Scattering of Waves by Impurities in Precompressed Granular Chains

TL;DR

This paper analyzes wave scattering in precompressed granular chains with impurities, deriving explicit formulas for reflection and transmission, identifying resonance phenomena, and validating findings through experiments and simulations.

Contribution

It provides a closed-form analytical framework for wave scattering in granular chains with impurities, including resonance tuning and experimental validation.

Findings

High-frequency waves are strongly attenuated by single impurities.

Double impurities can produce a resonance enabling full transmission.

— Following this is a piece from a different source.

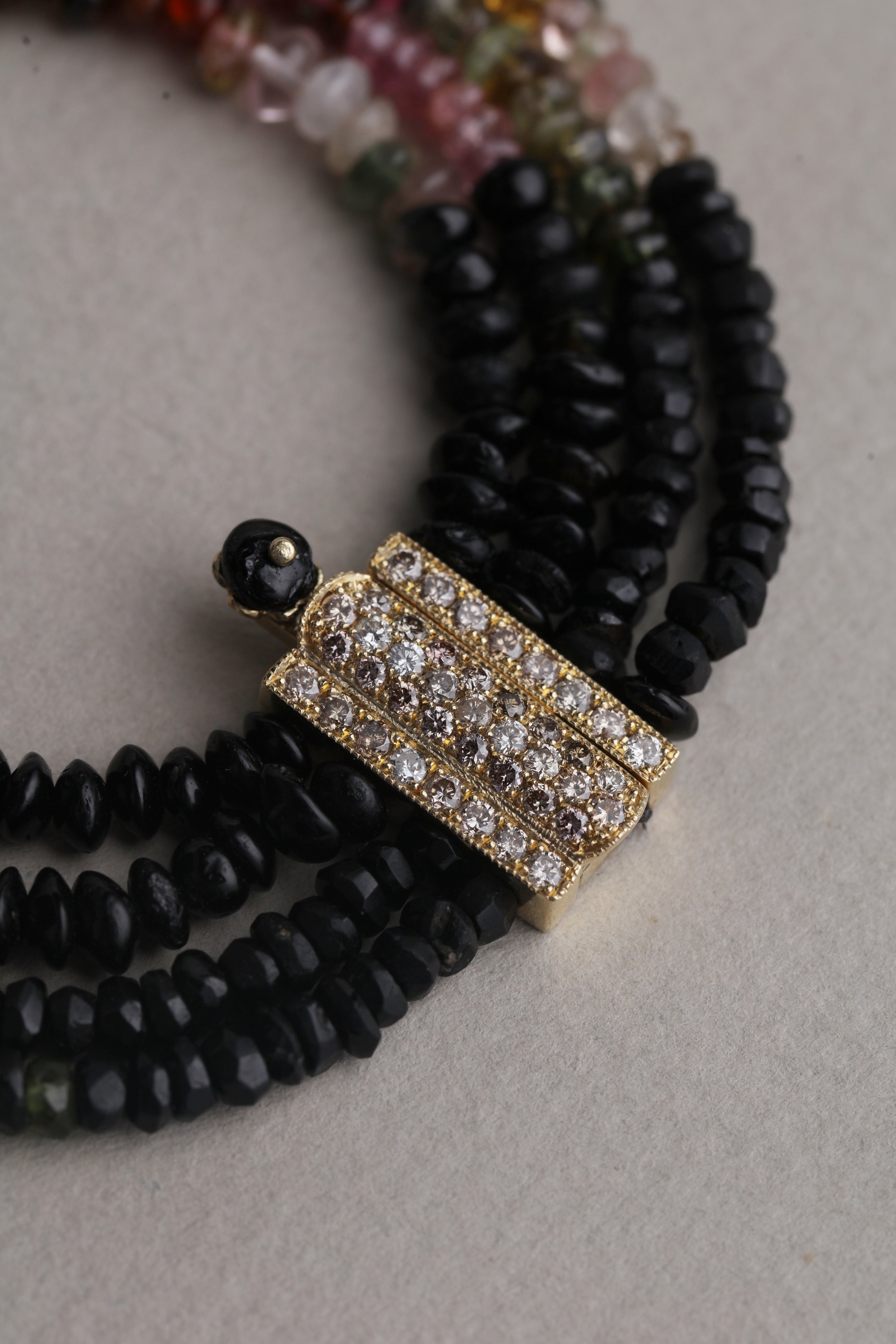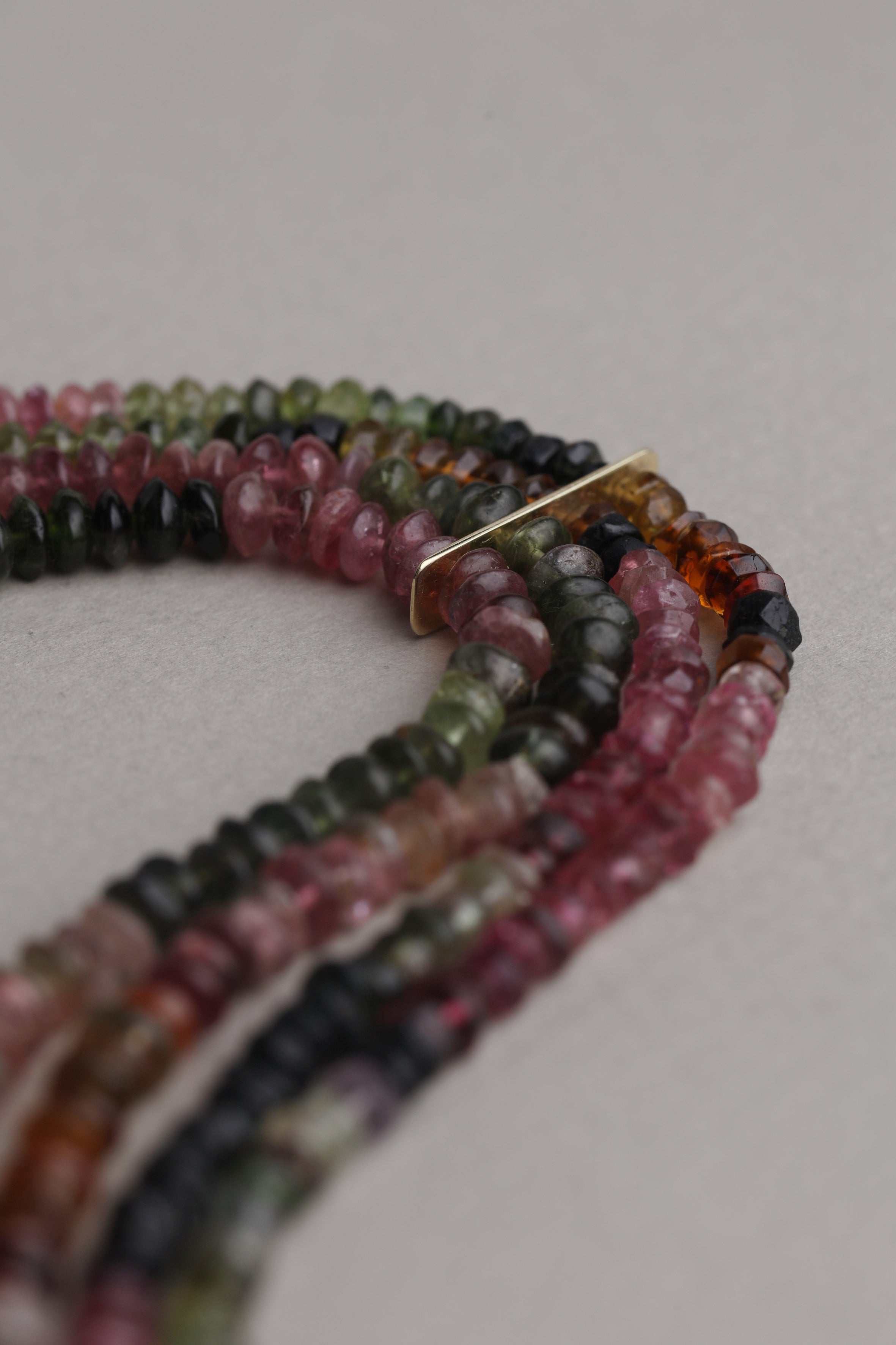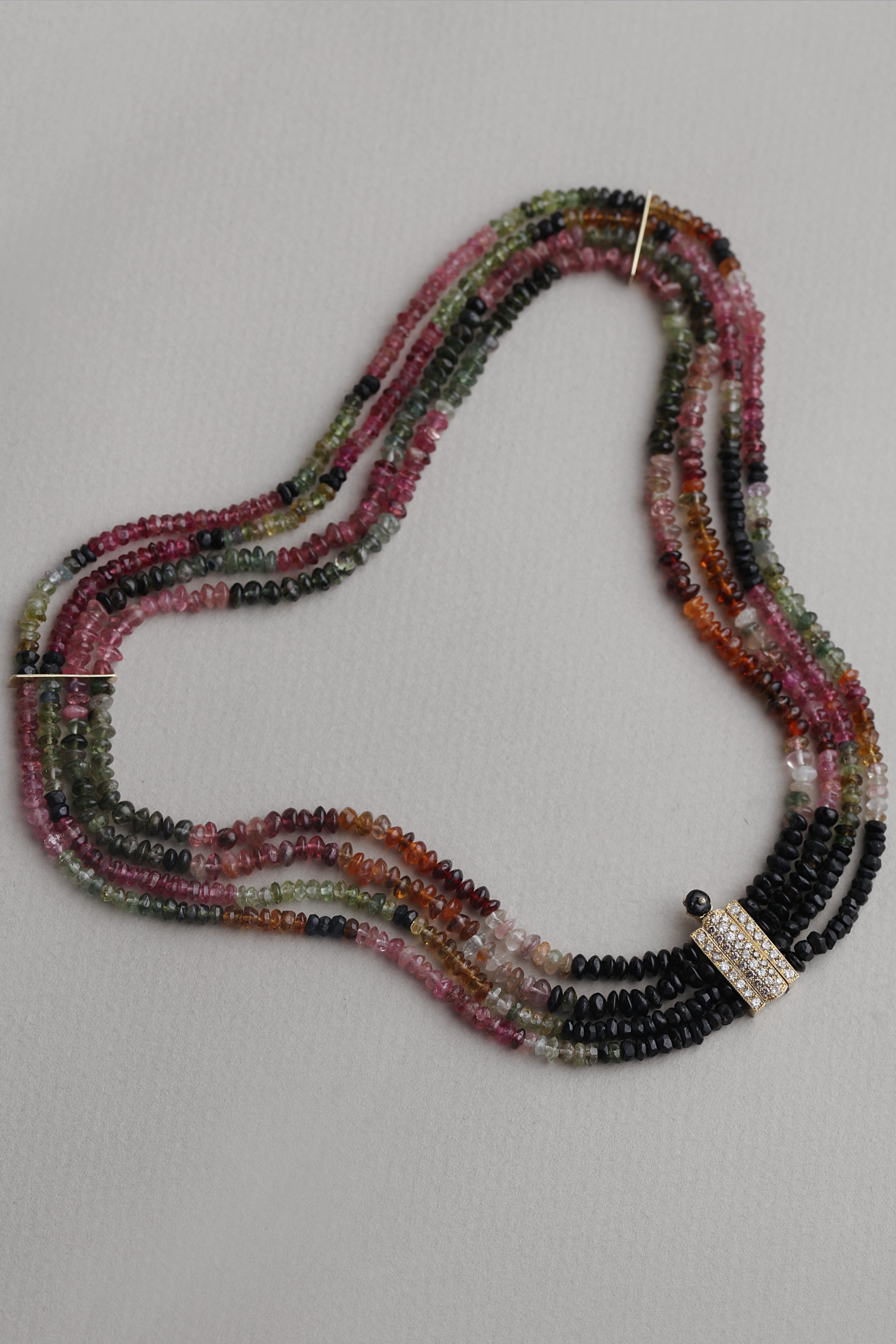 Crafted from a refined composition of sapphire, ruby, and emerald beads, this necklace brings together three precious stones, each carrying its own depth and character. The layered strands flow naturally along the neckline, creating a sense of movement and harmony through subtle contrasts of color. Finished with a pavé-set champagne diamond clasp, the design balances gemstone richness with understated elegance. Timeless and expressive, it is a piece defined by quiet confidence and enduring sophistication.

RT resonance can be tuned across the pass band and leads to reflectionless modes.

Abstract

We study scattering of waves by impurities in strongly precompressed granular chains. We explore the linear scattering of plane waves and identify a closed-form expression for the reflection and transmission coefficients for the scattering of the waves from both a single impurity and a double impurity. For single-impurity chains, we show that, within the transmission band of the host granular chain, high-frequency waves are strongly attenuated (such that the transmission coefficient vanishes as the wavenumber $k\rightarrow \pm\pi$), whereas low-frequency waves are well-transmitted through the impurity. For double-impurity chains, we identify a resonance --- enabling full transmission at a particular frequency --- in a manner that is analogous to the Ramsauer--Townsend (RT) resonance from quantum physics. We also demonstrate that one can tune the frequency of the RT resonance to any value in the pass band of the host chain. We corroborate our theoretical predictions both numerically and experimentally, and we directly observe complete transmission for frequencies close to the RT resonance frequency. Finally, we show how this RT resonance can lead to the existence of reflectionless modes even in granular chains (including disordered ones) with multiple double impurities.